Jamie_Lemon · December 2, 2025, 1:50pm

I can see you are on the latest version of pymupdf4llm so it isn’t related to the other issue. Hard to test without the document. If you set show_progress to True do you know how far it gets into the document?

qbuchanan · December 2, 2025, 7:15pm

Just want to bump this up as we are experiencing the issue as well

Jamie_Lemon · December 2, 2025, 9:23pm

Hi @qbuchanan Welcome to the forum! Are you able to share your PDF? Also can you confirm your versions of PyMuPDF Layout and PyMuPDF4LLM ? ( I’m hoping 1.26.6 and 0.2.5 )

marcelrassinger · December 3, 2025, 6:44am

Hi Jamie

Attached you will find an example that should help to reproduce the issue.

Regards, Marcel

(attachments)

example.pdf (54.5 KB)

qbuchanan · December 3, 2025, 1:11pm

PyMuPDF~=1.26.6

pymupdf-layout~=1.26.6

pymupdf4llm~=0.2.5

Jamie_Lemon · December 3, 2025, 1:37pm

Thanks Marcel - the document really helps , will investigate.

Jamie_Lemon · December 3, 2025, 9:34pm

@marcelrassinger This should hopefully be fixed for you with the new version of PyMuPDF 0.2.6 (pip install pymupdf4llm==0.2.6)
@qbuchanan Perhaps you can give things a go again with the latest version? Basically there was an error with some of the object classification in the previous version which caused the issue.

Please let me know how it goes for you and if your issues are resolved!

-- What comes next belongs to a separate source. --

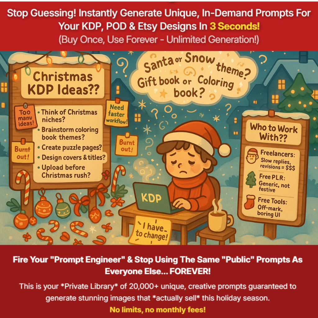 Create bestselling Christmas books in minutes using AI-ready prompts. No experience needed. One-click ideas → covers → interiors. Perfect for KDP & POD creators this season.

marcelrassinger · December 4, 2025, 7:20am

Hi Jamie,

Bug is fixed, thank you!

However, there seems to be another small glitch.

I call:

md = pymupdf4llm.to_markdown(
doc=“pdf-path",
write_images=True,
image_path=“my-image-path",
embed_images=False,
)

After processing, I get images for each page in the image path (see attached zip file), but I also get one image put besides the parsed pdf file:

It looks like the logo:

This happens in all my test cases. On purpose?

Can I switch it off?

Thanks,
Marcel

(Attachment pdf_parser.zip is missing)

marcelrassinger · December 4, 2025, 7:22am

Hi Jamie,

Bug is fixed, thank you!

However, there seems to be another small glitch.

I call:

md = pymupdf4llm.to_markdown(
doc=“pdf-path",
write_images=True,
image_path=“my-image-path",
embed_images=False,
)

After processing, I get images for each page in the image path, but I also get one image put besides the parsed pdf file:

It looks like the logo:

many-csv-order-positions.pdf-0001-00.png

This happens in all my test cases. On purpose?

Can I switch it off?

Thanks,
Marcel

marcelrassinger · December 4, 2025, 9:19am

Another Bug?:

I call:

md = pymupdf4llm.to_markdown(
doc=‘storage/medidor-test.ch/email_data/gmail.com/esid_025d93140ff06a84636eee46426608433dfdd3dec4c3a9c73a9e3a095b127526/Bestellung 94833.pdf’,
write_images=True,
image_path=‘storage/medidor-test.ch/parsing_working_dir/esid_025d93140ff06a84636eee46426608433dfdd3dec4c3a9c73a9e3a095b127526/pdf_parser/md_pymupdf4llm_conversion’,
embed_images=False,
)

And I get the following exception:

File “/Users/mara/Code/agents/task_agent/task_agent/document_processing/parser/pymupdf_reader.py”, line 71, in to_markdown
md = pymupdf4llm.to_markdown(
File “/Users/mara/anaconda3/envs/task-agent/lib/python3.13/site-packages/pymupdf4llm/init.py”, line 83, in to_markdown
parsed_doc = parse_document(
File “/Users/mara/anaconda3/envs/task-agent/lib/python3.13/site-packages/pymupdf4llm/init.py”, line 42, in parse_document
return document_layout.parse_document(
File “/Users/mara/anaconda3/envs/task-agent/lib/python3.13/site-packages/pymupdf4llm/helpers/document_layout.py”, line 963, in parse_document
pix.save(layoutbox.image)
File “/Users/mara/anaconda3/envs/task-agent/lib/python3.13/site-packages/pymupdf/init.py”, line 13894, in save
return self._writeIMG(filename, idx, jpg_quality)
File “/Users/mara/anaconda3/envs/task-agent/lib/python3.13/site-packages/pymupdf/init.py”, line 13573, in writeIMG
if format == 1: mupdf.fz_save_pixmap_as_png(pm, filename)
File “/Users/mara/anaconda3/envs/task-agent/lib/python3.13/site-packages/pymupdf/mupdf.py”, line 51161, in fz_save_pixmap_as_png
return _mupdf.fz_save_pixmap_as_png(pixmap, filename)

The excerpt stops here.